En el interior del país, especialmente en las regiones centrales y del sur, se prevén ráfagas locales que podrían provocar la caída de árboles, daños en vehículos y atascos temporales en las carreteras. Al mismo tiempo, en el valle del Ebro (Ebro) y en las costas orientales, el viento será menos perceptible, aunque no se descartan refuerzos puntuales.
Previsión por autonomías
En Galicia el cielo permanecerá cubierto con lluvias persistentes y la cota de nieve bajará hasta los 600–900 metros. En Asturias y Cantabria se mantiene alta la probabilidad de precipitaciones, especialmente en las zonas montañosas, donde podrían registrarse heladas y fuertes rachas de viento. En Castilla y León, así como en Navarra y La Rioja, las precipitaciones serán menos intensas, pero la cota de nieve también descenderá a 700–1000 metros y en las zonas elevadas podrían producirse heladas nocturnas.
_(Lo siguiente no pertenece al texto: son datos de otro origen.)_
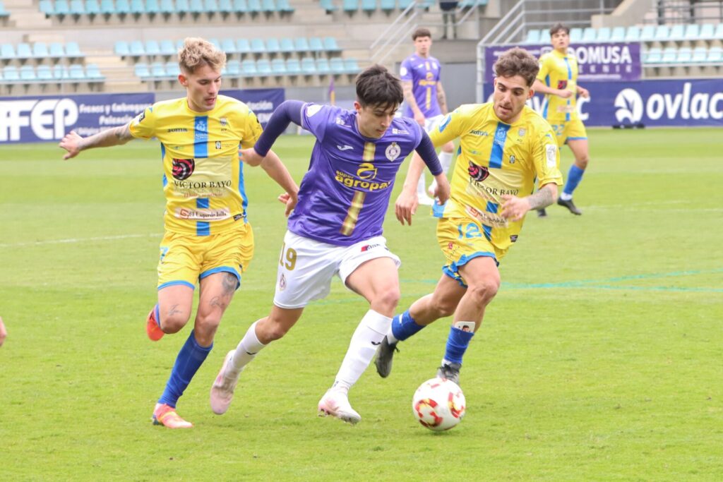 El partido comenzó con mucha intensidad, presión alta y una lucha feroz en cada metro del campo. El PCA fue quien llevó la iniciativa en estos compases, estando mejor puesto sobre el terreno, aunque las ocasiones fueron contadas. La delantera buscaba romper el bloque burgalés, pero sin la claridad suficiente, con imprecisiones. La Arandina, bien plantada, apenas generó peligro hasta el tramo final del primer tiempo. Fue entonces cuando los visitantes tuvieron las más claras. En el 44’, Amis estrelló un remate en el palo y, en el rechace, Mario Sánchez falló con todo a su favor. Justo antes del descanso, los burgaleses volvieron a rondar el gol, pero la zaga morada supo resistir.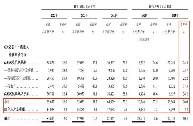 在业务构成上,数据显示,华大北斗约七成收入来自代理销售第三方芯片的“综合芯片及模组业务”,该业务毛利率长期徘徊在3%左右。高毛利(26%)的自研GNSS芯片业务收入占比仍然处于成长期,最新占比不过32.2%。

En Aragón y Cataluña, el principal riesgo está asociado a avalanchas y nevadas en los Pirineos, así como a fuertes vientos en las zonas montañosas. En Extremadura y Castilla-La Mancha se prevén precipitaciones abundantes y nieve a unos 1000 metros de altitud. En Madrid y Valencia se esperan lluvias débiles y moderadas, mientras que en Murcia y las Islas Baleares se pronostican chubascos breves y viento fuerte, especialmente en la costa.
En Andalucía, las lluvias serán más intensas en la costa oriental y en las zonas de montaña, donde no se descartan inundaciones locales. En el resto de las regiones, las precipitaciones serán menos significativas, aunque persiste el riesgo de complicaciones en las carreteras y posibles interrupciones en el transporte.